Bookmark this item: //www.loc.gov/exhibits/african-american-odyssey/civil-rights-era.html#obj3

Thurgood Marshall on “Saving the Race”

Thurgood Marshall was the first African American to serve on the U. S. Supreme Court. His legal career began with the NAACP. Many of the NAACP's records reveal Marshall's grueling traveling and meeting schedule, as well as his acute sense of humor, even in the face of threats from whites and distrust by African Americans. After the inauspicious beginning of a case challenging the Texas primary, Marshall wrote this memo.

Enlarge

Thurgood Marshall to the NAACP, Tuskegee Institute, Research Department. November 17, 1941. NAACP Collection, Manuscript Division, Library of Congress (8-16)
Courtesy of the NAACP

Bookmark this item: //www.loc.gov/exhibits/african-american-odyssey/civil-rights-era.html#obj4

Brown Decision—Separate Is Inherently Illegal

Beginning in 1950, the NAACP and the NAACP Legal Defense Fund attorneys worked on a school desegregation case originating in Charleston, S.C. In 1952 the case came before the U.S. Supreme Court, whose members decided to hear it with cases from Delaware, Virginia, Kansas, and the District of Columbia under the collective title Brown v. Board of Education of Topeka. Thurgood Marshall and other NAACP lawyers argued the case and won. Brown marked a landmark victory in the fight for full citizenship, offering hope that the system of segregation was not unassailable.

Enlarge

George E.C. Hayes, Thurgood Marshall, and James Nabrit, congratulating each other, following Supreme Court decision declaring segregation unconstitutional, 1954. Copyprint. New York World-Telegram and Sun Photograph Collection, Prints and Photographs Division, Library of Congress. Reproduction Number: LC-USZ62-111236 (9–11)
Courtesy of AP/Wide World Photos

Bookmark this item: //www.loc.gov/exhibits/african-american-odyssey/civil-rights-era.html#obj5

Daisy Bates and The Little Rock Nine

Arkansas-born Daisy Bates worked as a crusading newspaper owner-journalist, becoming president of the Arkansas NAACP. After the 1954 Brown school-desegregation decision, Little Rock school board officials decided to begin desegregation of Central High School in September 1957.

Arkansas governor Orval Faubus ordered the Arkansas National Guard to preserve order, a euphemism for keeping the nine prospective African American students out.

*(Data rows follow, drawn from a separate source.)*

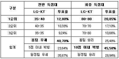 원정팀 KT의 승리를 예상한 참가자는 28.94%로 집계됐고, 나머지 25.48%는 홈팀 LG의 승리를 예상했다. 전반전에서는 홈팀 LG 우세(40.70%)가 원정팀 KT 우세(35.67%), 양 팀 5점 이내 박빙승부(23.64%)를 근소한 차이로 앞섰다. 득점대에서는 전반 35-40점대가 12.80%, 최종 80-80점대 10점 이내 박빙승부가 20.85%로 최다를 차지했다.
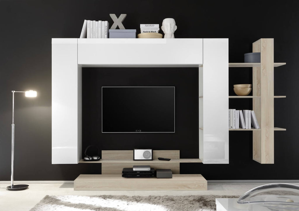 Parete Attrezzata Mobili Soggiorno 2 Pensili 1 Mobile TV 1 Libreria in Melaminico 259x40x175cm TFT Nico Bianco Rovere
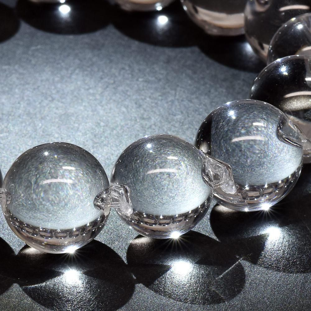 透明度の高い水晶を使うことで、一粒一粒が大きなレンズのように光を集め、きらめきが強調されます。まるで光の玉(オーブ)が連なっているような印象を与えるため、「フローティング(浮かぶ)」「オーブ(光の球)」という名前を付けました。
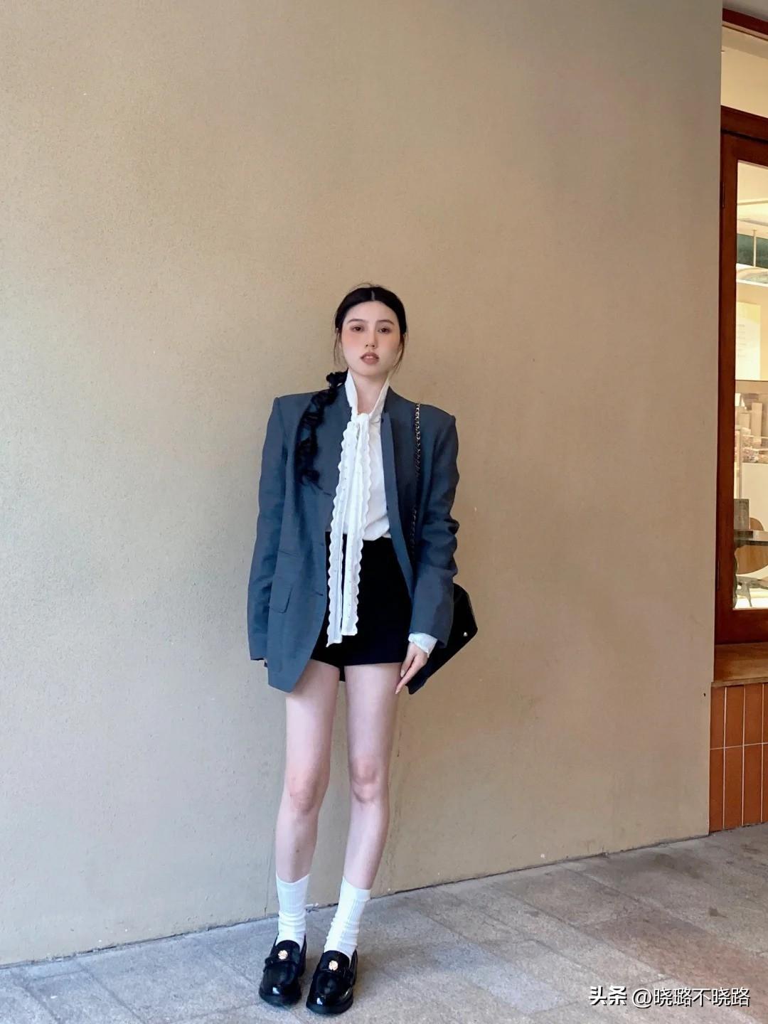 而在此之外,通過加入襯衫和絲襪的方式,把造型的完整性詮釋出來。如果整體都屬於純色或者基礎款,還能利用一些帶着個性色彩的配飾幫助提高造型的立體度,諸如潮人選擇的花邊領帶,亮麪包包等,看起來只是小面積裝飾,實際上卻大大增加了視覺觀賞效果。
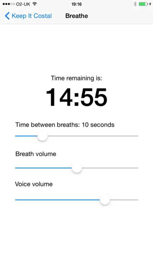 This application provides an audio experience where users can pause and breathe along with the selected profile over a set time to warm up their costal diaphragms.

However, on September 25, 1957, President Dwight D. Eisenhower federalized the Arkansas National Guard and deployed paratroopers to carry out the desegregation orders of the federal courts. Bates supported the students throughout the year and with them received the NAACP's Spingarn Medal in 1958.

1 of 2

  • Enlarge

    Daisy Bates to Roy Wilkins, December 17, 1957, on the treatment of the Little Rock Nine. Holograph letter. NAACP Collection, Manuscript Division, Library of Congress (9–18a)

  • Enlarge

    The Little Rock Nine, ca 1957-60. Copyprint. NAACP Collection, Prints and Photographs Division, Library of Congress. Reproduction Number: LC-USZ62-119154 (9–18b)
    Courtesy of the NAACP

Bookmark this item: //www.loc.gov/exhibits/african-american-odyssey/civil-rights-era.html#obj6

The Montgomery Bus Boycott

When Rosa Parks refused to give up her seat to a white person in Montgomery, Alabama, and was arrested in December 1955, she set off a train of events that generated a momentum the civil rights movement had never before experienced. Local civil rights leaders were hoping for such an opportunity to test the city's segregation laws. Deciding to boycott the buses, the African American community soon formed a new organization to supervise the boycott, the Montgomery Improvement Association (MIA). The young pastor of the Dexter Avenue Baptist Church, Reverend Martin Luther King, Jr., was chosen as the first MIA leader. The boycott, more successful than anyone hoped, led to a 1956 Supreme Court decision banning segregated buses.

Enlarge

"5,000 at Meeting Outline Boycott; Bullet Clips Bus." Montgomery, Alabama, Bus Boycott. Montgomery Advertiser, December 6, 1955. Copyprint from microfilm. Serial and Government Publications Division, Library of Congress (9–3)
Courtesy of the Montgomery Advertiser

Bookmark this item: //www.loc.gov/exhibits/african-american-odyssey/civil-rights-era.html#obj7

James Meredith and Ole Miss

In September 1962, a federal court ordered the University of Mississippi to accept James Meredith, a twenty-eight-year-old Air Force Veteran, much to the consternation of segregationists. Governor Ross Barnett said he would never allow the school to be integrated. After days of violence and rioting by whites, Meredith, accompanied by federal officials, enrolled on October 1, 1962. Because he had earned college credits elsewhere, Meredith graduated the following August without incident.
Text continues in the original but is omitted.